[What is being asked] Write out the records in full and without alteration, setting aside their pictures.

[Records contained in a dataset]
────────

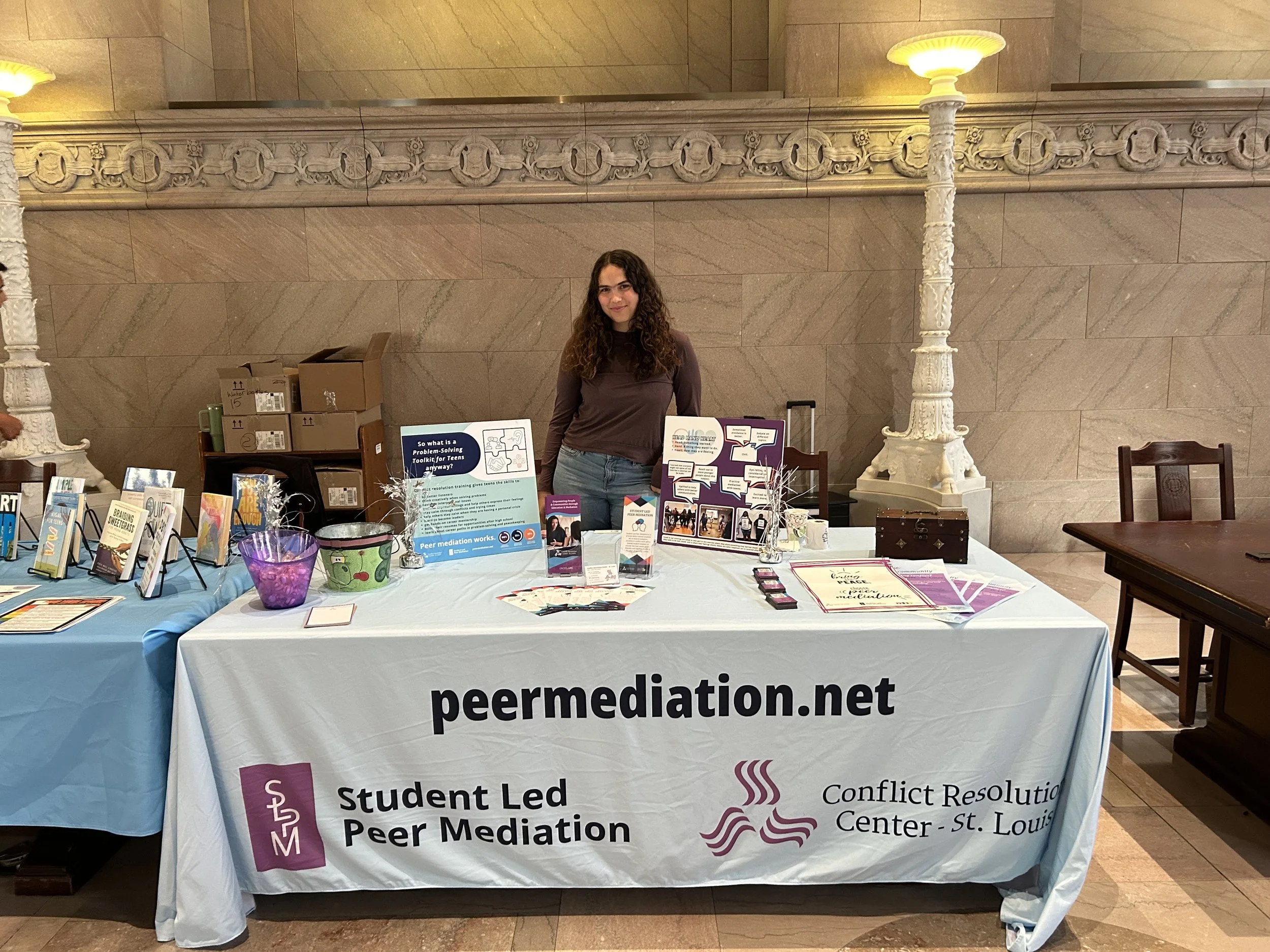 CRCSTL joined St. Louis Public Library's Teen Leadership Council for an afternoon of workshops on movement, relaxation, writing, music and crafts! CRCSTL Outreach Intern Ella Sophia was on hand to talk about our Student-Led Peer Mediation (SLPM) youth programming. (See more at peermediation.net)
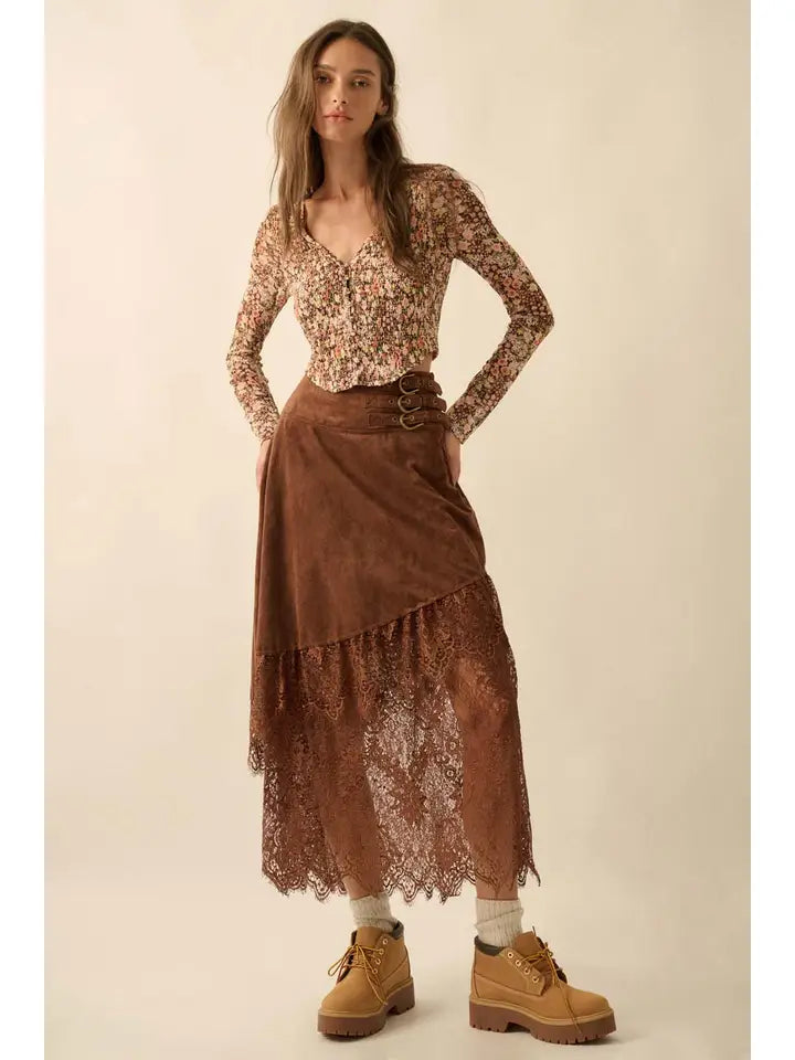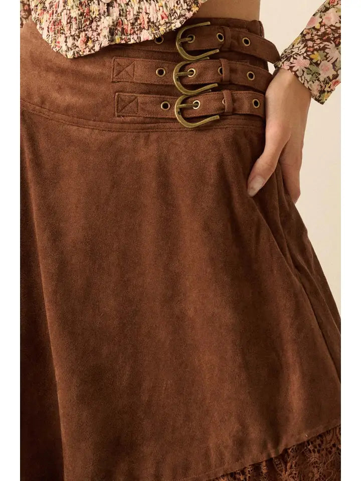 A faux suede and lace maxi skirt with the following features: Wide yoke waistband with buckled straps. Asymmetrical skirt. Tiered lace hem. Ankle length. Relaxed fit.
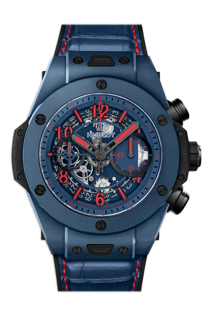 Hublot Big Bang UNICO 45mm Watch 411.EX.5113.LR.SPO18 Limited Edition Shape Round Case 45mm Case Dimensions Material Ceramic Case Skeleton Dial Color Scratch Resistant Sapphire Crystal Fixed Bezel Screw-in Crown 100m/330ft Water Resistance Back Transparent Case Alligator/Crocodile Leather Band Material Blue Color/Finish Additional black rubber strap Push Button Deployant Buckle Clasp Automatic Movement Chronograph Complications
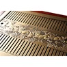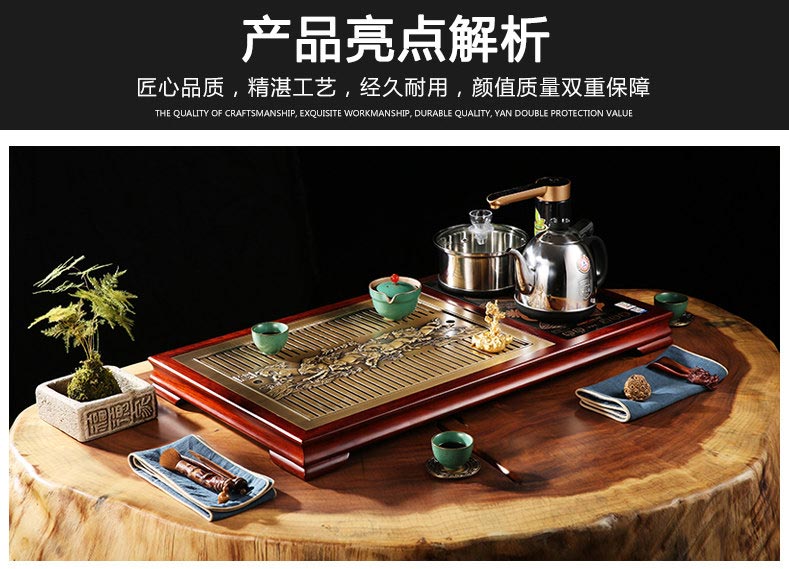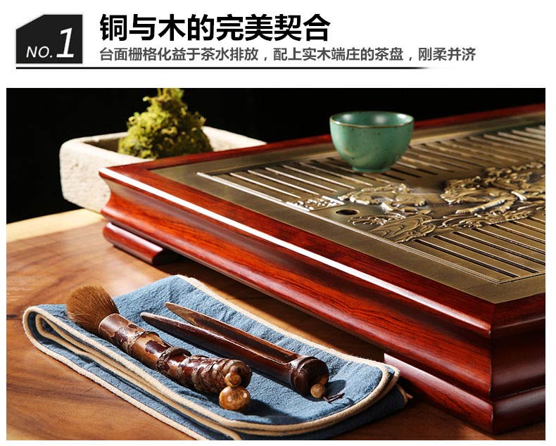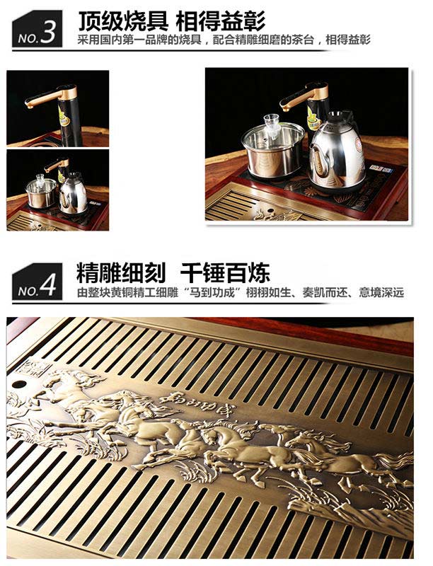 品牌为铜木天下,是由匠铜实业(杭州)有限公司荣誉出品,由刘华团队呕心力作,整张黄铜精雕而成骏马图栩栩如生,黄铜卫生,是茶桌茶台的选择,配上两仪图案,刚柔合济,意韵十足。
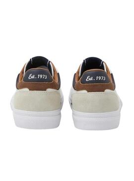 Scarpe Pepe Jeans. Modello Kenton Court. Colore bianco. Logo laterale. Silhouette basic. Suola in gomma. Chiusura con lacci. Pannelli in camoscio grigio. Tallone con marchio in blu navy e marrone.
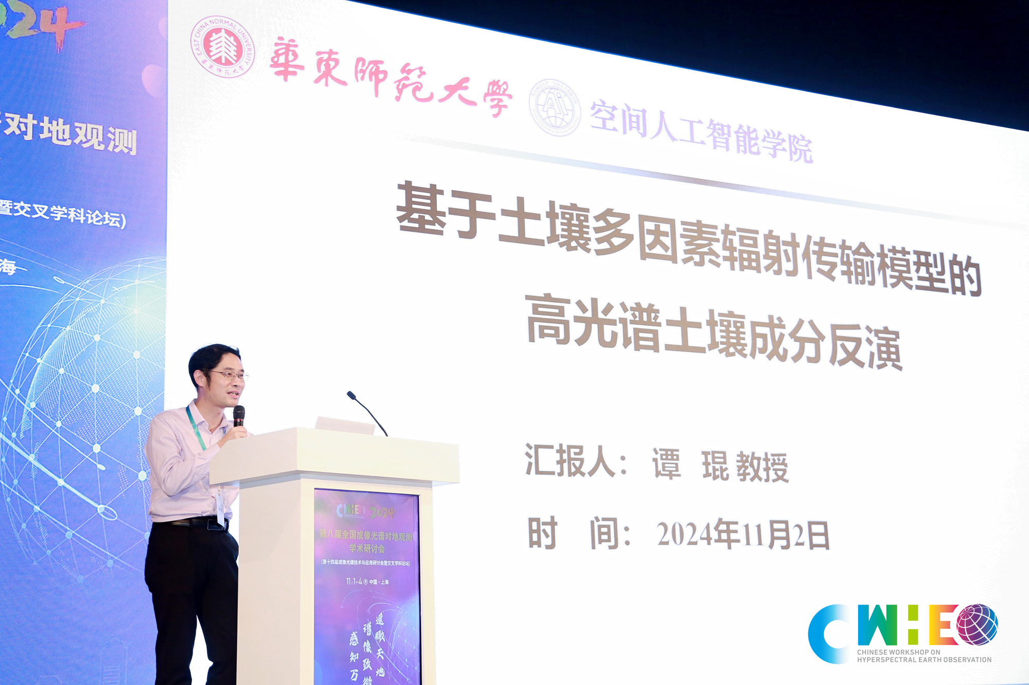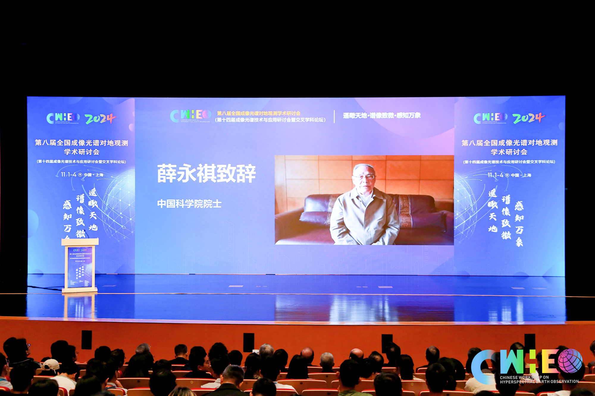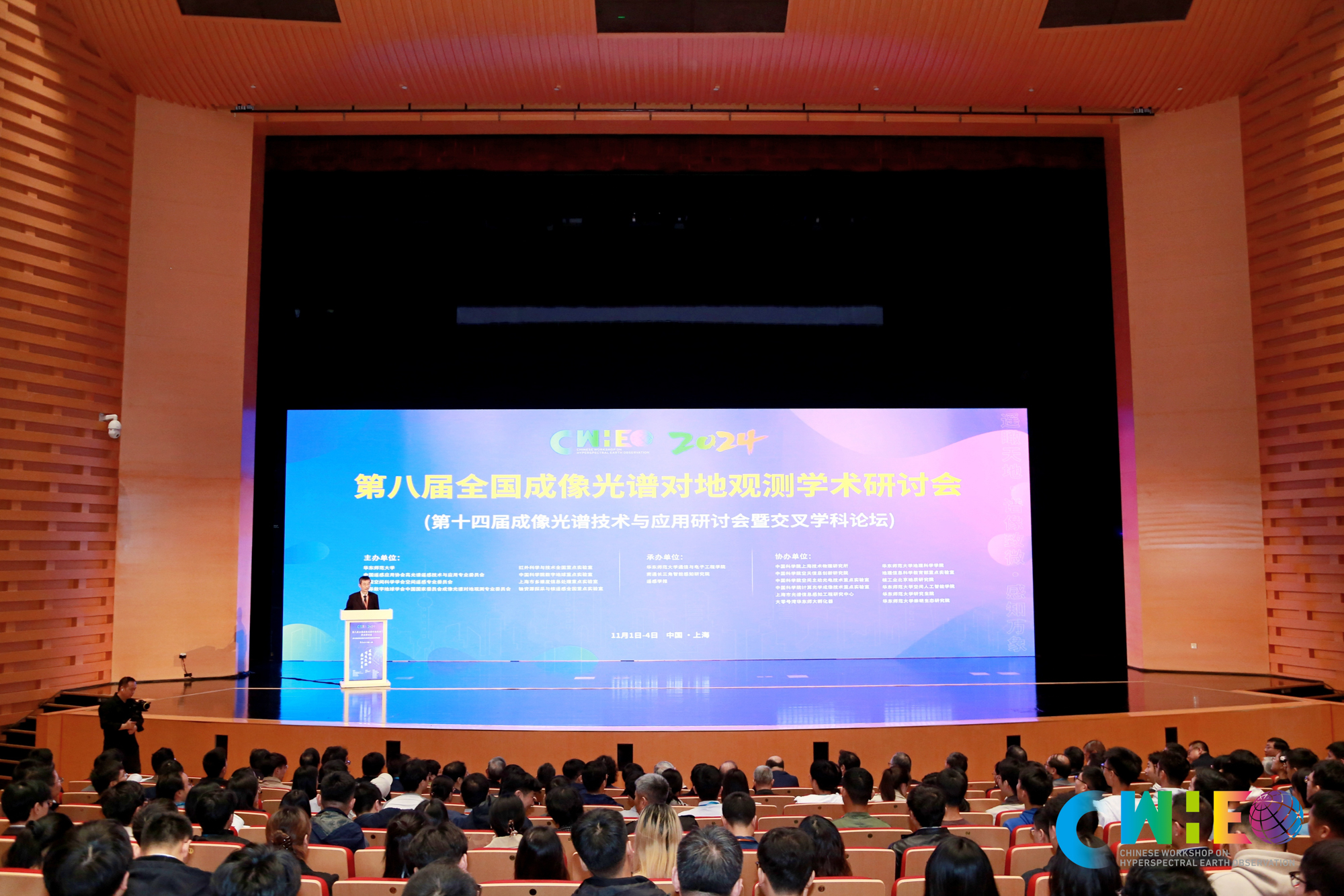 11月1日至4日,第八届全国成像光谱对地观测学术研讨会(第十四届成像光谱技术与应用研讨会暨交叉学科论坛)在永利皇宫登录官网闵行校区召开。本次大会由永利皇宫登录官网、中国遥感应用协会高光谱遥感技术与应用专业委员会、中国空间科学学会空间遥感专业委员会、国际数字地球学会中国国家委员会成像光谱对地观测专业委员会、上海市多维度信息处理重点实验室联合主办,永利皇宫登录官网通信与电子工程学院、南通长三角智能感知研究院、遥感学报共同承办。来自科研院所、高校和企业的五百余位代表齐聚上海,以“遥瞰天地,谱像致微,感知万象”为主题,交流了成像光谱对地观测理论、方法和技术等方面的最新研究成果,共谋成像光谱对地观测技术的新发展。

────────

[Solved exercise]
 CRCSTL joined St. Louis Public Library's Teen Leadership Council for an afternoon of workshops on movement, relaxation, writing, music and crafts! CRCSTL Outreach Intern Ella Sophia was on hand to talk about our Student-Led Peer Mediation (SLPM) youth programming. (See more at peermediation.net)
 A faux suede and lace maxi skirt with the following features: Wide yoke waistband with buckled straps. Asymmetrical skirt. Tiered lace hem. Ankle length. Relaxed fit.
 Hublot Big Bang UNICO 45mm Watch 411.EX.5113.LR.SPO18 Limited Edition Shape Round Case 45mm Case Dimensions Material Ceramic Case Skeleton Dial Color Scratch Resistant Sapphire Crystal Fixed Bezel Screw-in Crown 100m/330ft Water Resistance Back Transparent Case Alligator/Crocodile Leather Band Material Blue Color/Finish Additional black rubber strap Push Button Deployant Buckle Clasp Automatic Movement Chronograph Complications
 品牌为铜木天下,是由匠铜实业(杭州)有限公司荣誉出品,由刘华团队呕心力作,整张黄铜精雕而成骏马图栩栩如生,黄铜卫生,是茶桌茶台的选择,配上两仪图案,刚柔合济,意韵十足。
 Scarpe Pepe Jeans. Modello Kenton Court. Colore bianco. Logo laterale. Silhouette basic. Suola in gomma. Chiusura con lacci. Pannelli in camoscio grigio. Tallone con marchio in blu navy e marrone.
 11月1日至4日,第八届全国成像光谱对地观测学术研讨会(第十四届成像光谱技术与应用研讨会暨交叉学科论坛)在永利皇宫登录官网闵行校区召开。本次大会由永利皇宫登录官网、中国遥感应用协会高光谱遥感技术与应用专业委员会、中国空间科学学会空间遥感专业委员会、国际数字地球学会中国国家委员会成像光谱对地观测专业委员会、上海市多维度信息处理重点实验室联合主办,永利皇宫登录官网通信与电子工程学院、南通长三角智能感知研究院、遥感学报共同承办。来自科研院所、高校和企业的五百余位代表齐聚上海,以“遥瞰天地,谱像致微,感知万象”为主题,交流了成像光谱对地观测理论、方法和技术等方面的最新研究成果,共谋成像光谱对地观测技术的新发展。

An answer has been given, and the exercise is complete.